Tips for a Successful Roommate Search
At one time or another in our apartment-living lives, whether fresh out of college in a new city, or looking for some extra income by refilling that "empty nest", most of us need to move in with a stranger. Which is kind of weird, when you think about it! I mean, you'd be unlikely to invite someone into your home after chatting with them for ten minutes or so on the street, much less let them take a shower, cook a meal, and fall asleep on the couch while you went out with friends.
The opposite is true too, of course: if someone you just met at, say, a store, invited you to move into his or her apartment, you'd probably flee. And yet that's pretty much how the finding-a-roommate-game is played. True, you first meet these people through various room/roommate-finder websites and Facebook groups, but you don't "know" them any more than you know anyone else you've only hung out with for a few minutes.
And what about moving in with a friend? Or a friend-of-a-friend? Sounds like a potentially better match than the stranger situation, but who knows? You may have fun going to a game or having dinner with a buddy, but living with someone can be a totally different scenario. In fact, it can be easier to shack up with a person with whom you have no history, no social expectations.
And although it's certainly ideal to enjoy the company of your roommate(s), and be able to hang out every once in a while at home, making dinner or streaming a couple of shows or just sharing stuff about your day, sometimes the most successful pairings are with people who don't even particularly have much in common. They just live together well.
How to Find a Roommate
So what's the secret to finding a great roommate? There's no sure thing, of course, but here are some field-tested keys to, if not necessarily happiness, then certainly pleasant live-ability.
1.) Daily Schedule
What you're looking for here is someone with a complementary but not exactly the same daily routine. If your potential roommates have regularly-scheduled day jobs, what time do they need to leave the house in the morning to get to work on time? How does that play out with your schedule? Do you both (or all three of you!) need the same 15 minutes in the bathroom in order not to be late?
Or if your roommate is a bartender, for example, and gets home at 3:00 a.m., and your bed's right near the kitchen where she's going to be making a snack and crashing around, and you have to be up at 6:30 for work... well you get the idea. In other words, it's a good idea to ask specific questions about what a typical day looks like.
2.) Cleanliness Expectations
Everyone has their pet peeves when it comes housecleaning. For instance, I can't stand coming home, or waking up, to dirty dishes in the sink, while others don't think it's a big deal. "Just cook around them, I'll do it later." Then again, you might be grossed out by a bathroom that's not throughly scrubbed weekly, whereas as I can go a month before breaking out the Scrubbing Bubbles.
As with everything, communication here is key (passive-aggressive notes don't count). And if you're the one looking for a room, it's pretty easy to tell what is and is not required/enforced in your potential new home.
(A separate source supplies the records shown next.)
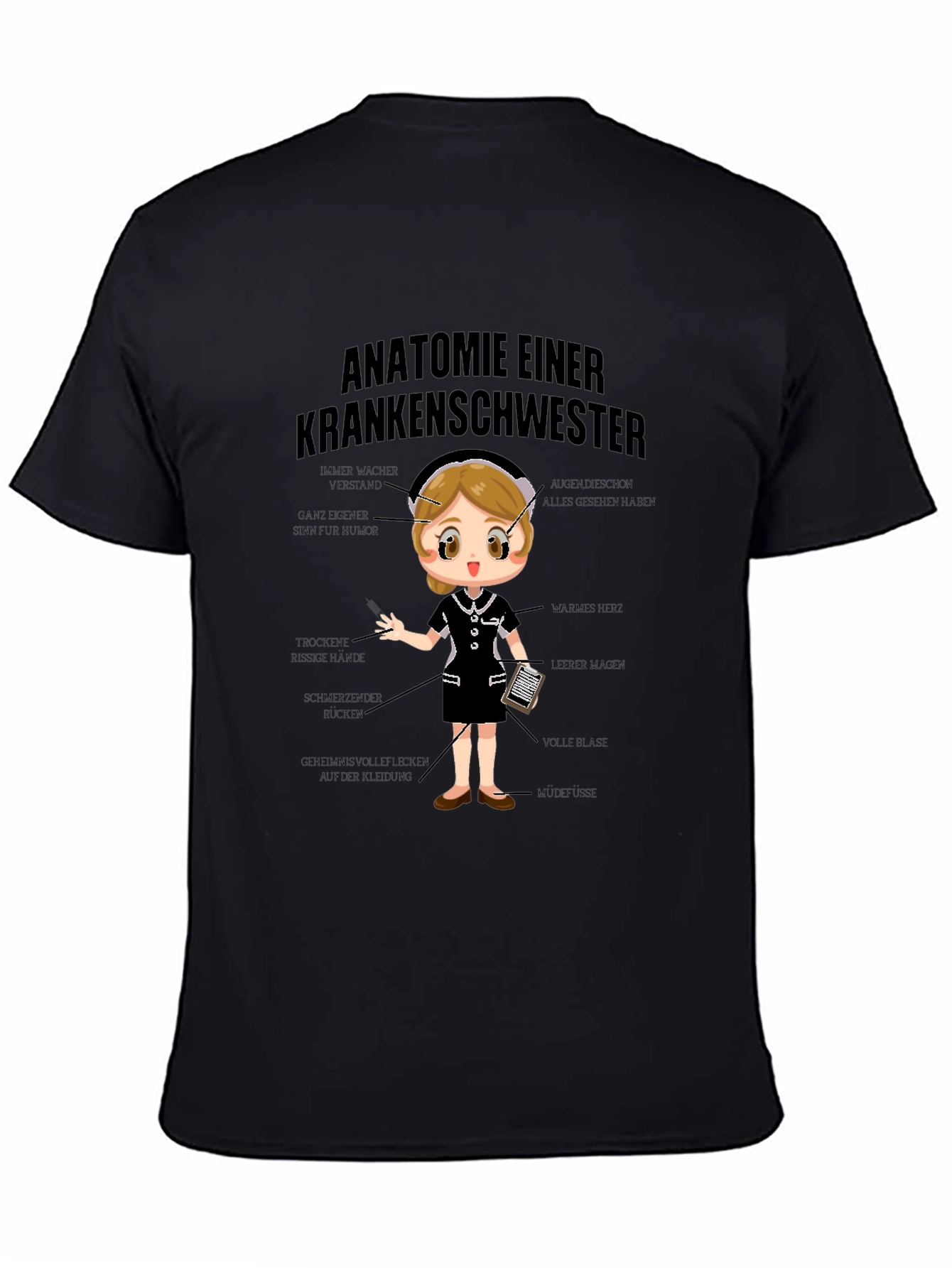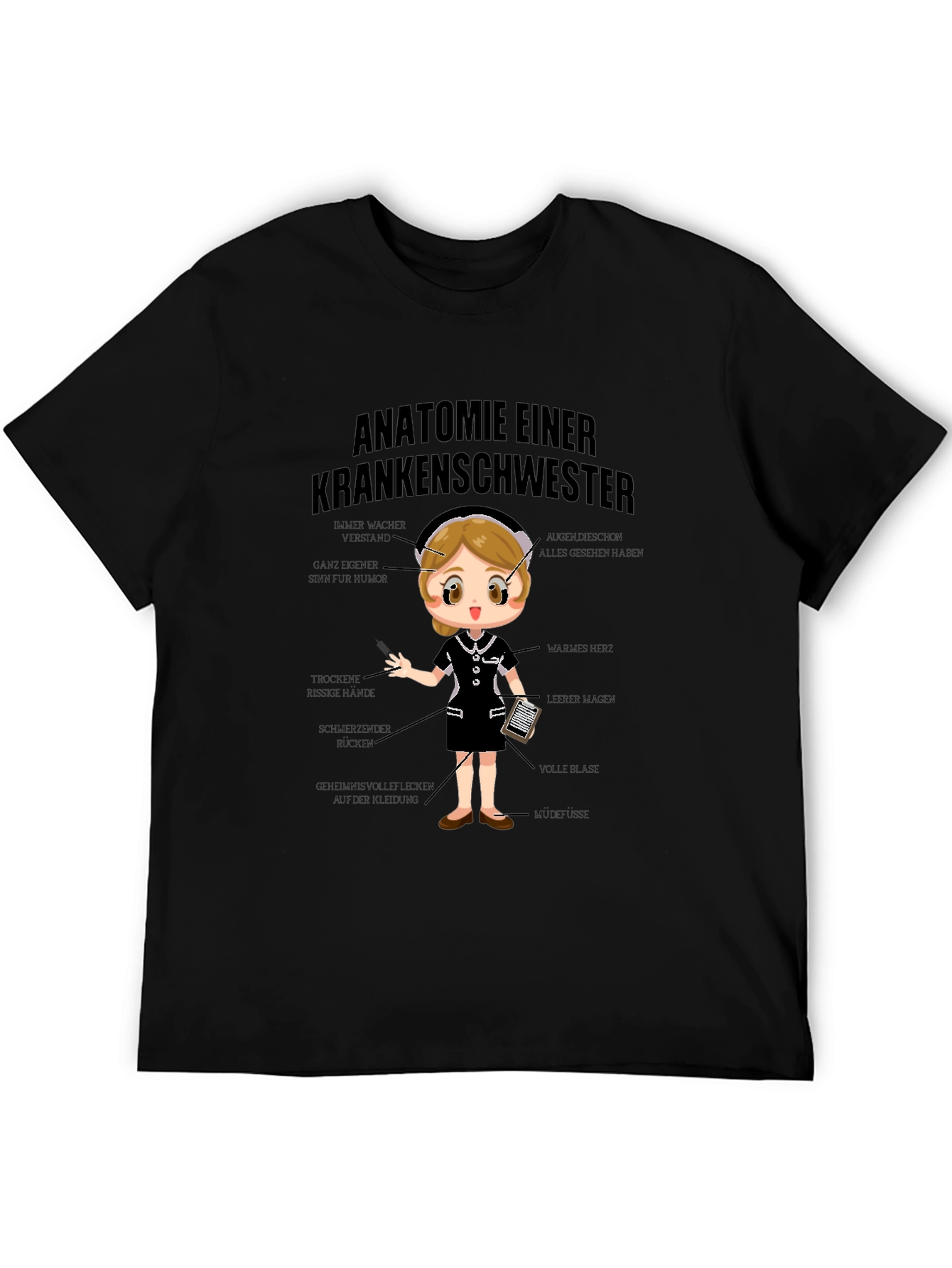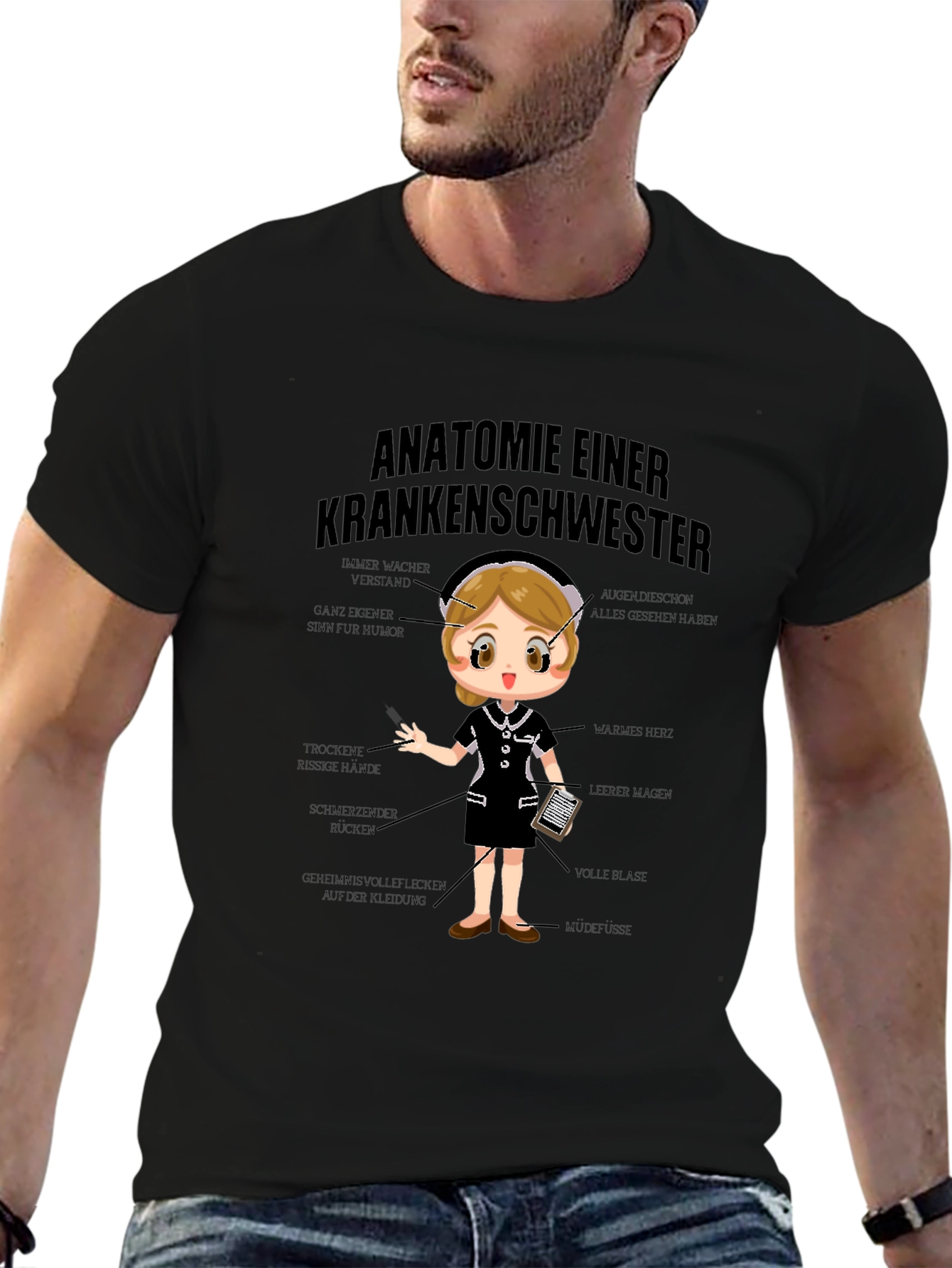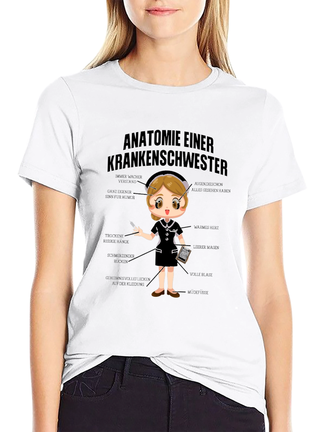 This black t-shirt features a humorous and informative graphic. The design shows a cartoon nurse with labels pointing to different parts of her body. The t-shirt graphic is both playful and engaging, offering a unique twist on nursing apparel. Made from a soft, comfortable fabric, this tee is perfect for everyday wear. The t-shirt's bold graphic is sure to spark conversation and showcase your appreciation for nurses. A great gift for nurses or nursing students!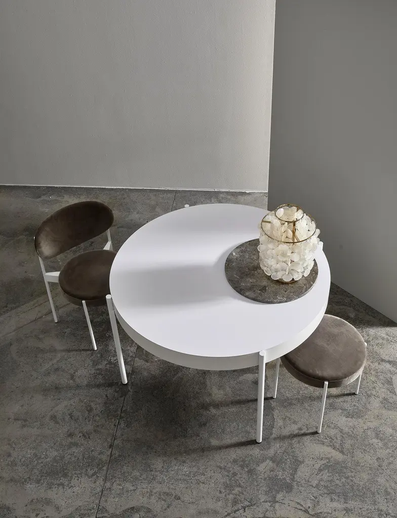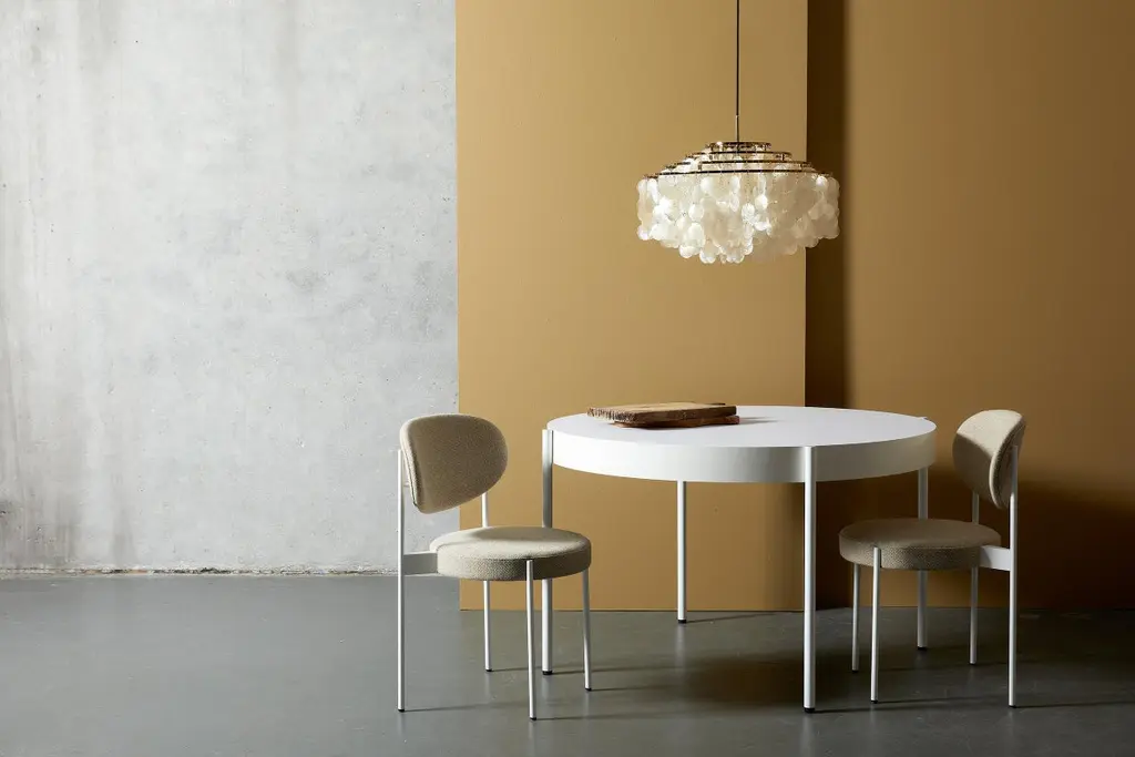 Round dining table with obvious frame. Legs placed outside the frame of the table designed by Verner Panton.Material:Frame: Black or white painted metal legsWhite: RAL 9016 Edge: Painted MDFTable top: Fenix laminate Color:Tabletop: White.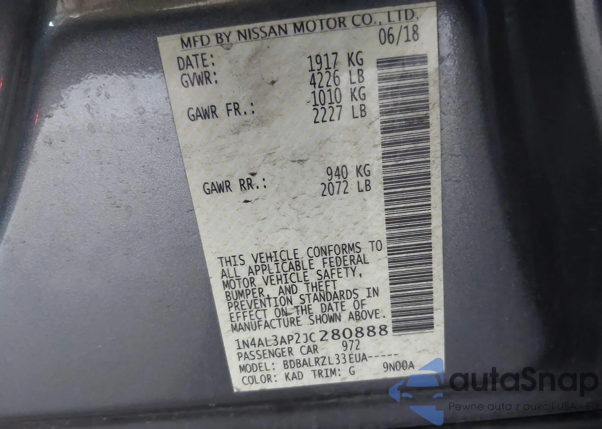 LOT: 44150932 VIN: 1N4AL3AP2JC280888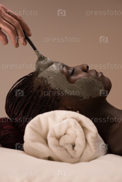 Профессионал наносит грязевую маску на лицо женщины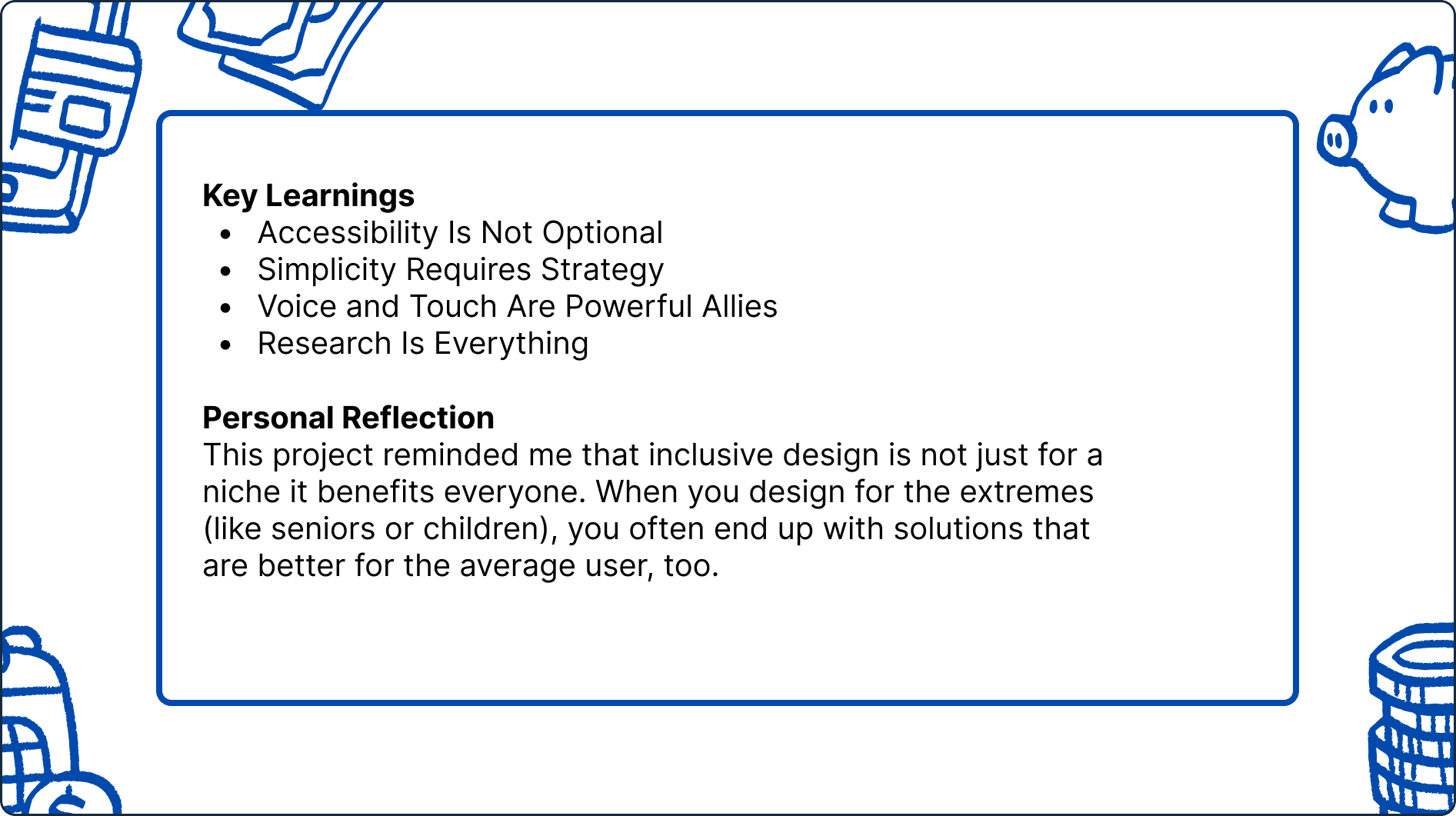 Customer Retention and Satisfaction: Banks must ensure they are meeting the needs of older adults to maintain their loyalty. Failure to provide a user-friendly digital experience may push seniors to either revert to costly in-branch services or switch to competitors who offer more inclusive digital solutions.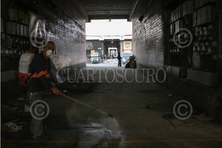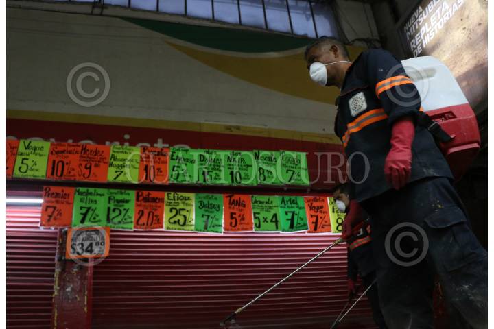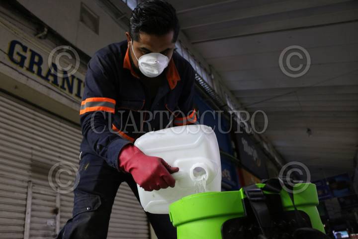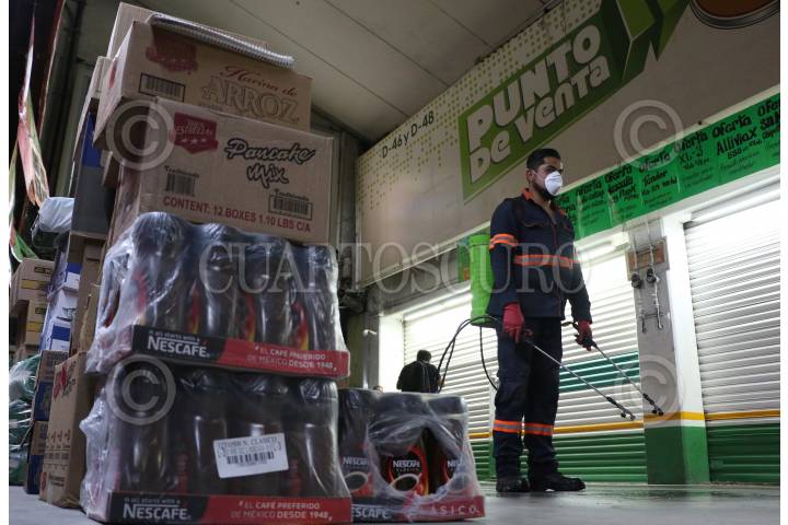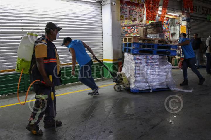 Limpieza y esterilización en la nave de abarrotes de la Central de Abastos frente al COVID-19.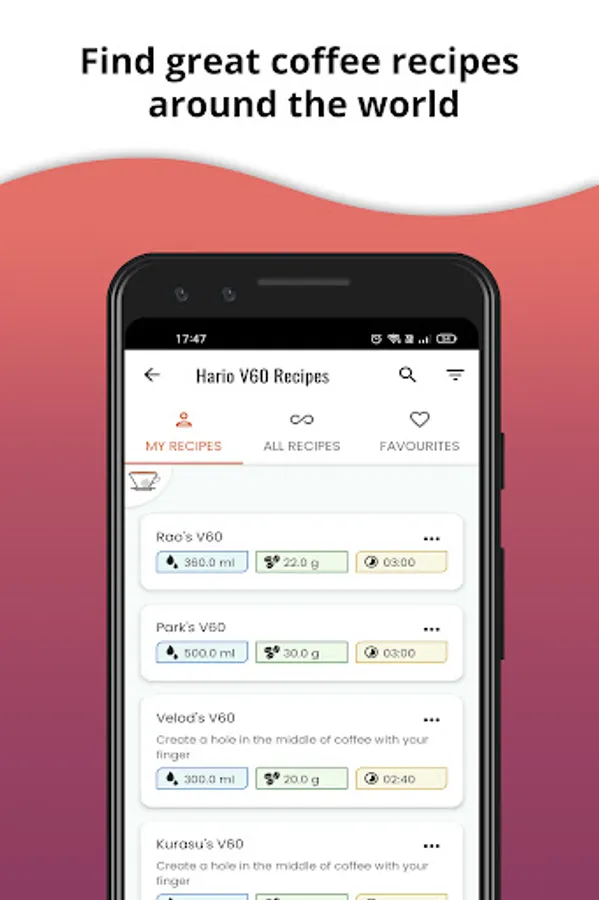 * Thousands of user created coffee recipes with 14 different brewing methods.

If the person didn't bother to sweep up the cat kibble that's all over the kitchen floor before you came to see the place, he's unlikely to do so on a random Tuesday after you're living there.
3.) Be Honest About Who YOU Are.
Don't pretend you love watching reality shows or don't mind the smell of cooking bacon just because the room you've come to see has a nice closet. Is that extra 10 inches of hanger space worth the irritation you'll feel every night when the TV's blaring some inane show and you just want to relax and listen to music while you make dinner? And do those cute faucets in the bathroom make it ok that you have to flee your own home every weekend morning because your roommate's frying up a rasher again and it's making nauseous. No, of course not. No matter how beautiful an apartment may be, you are going to have to be YOU there every day, not some made-up version of you. Know your deal-breakers, and stick to them.
4.) Find the Courage to Compromise
Look, you're not going to have everything "your" way always. But unless you plan on living alone for the rest of your life--or, for that matter, never interacting with another human being in any capacity--there's something to be said for learning how to adapt, to adjusting your expectations, to just rolling with things sometimes rather than fighting. You want your home to feel like home, no question, and finding a compatible roommate has a lot to do with your overall comfort level in both an apartment's common areas and even in your own room. So do some soul-searching, maybe even make a list of deal-breakers, then revise it, and don't be afraid to talk about the things that are most important to you as you're going about your search.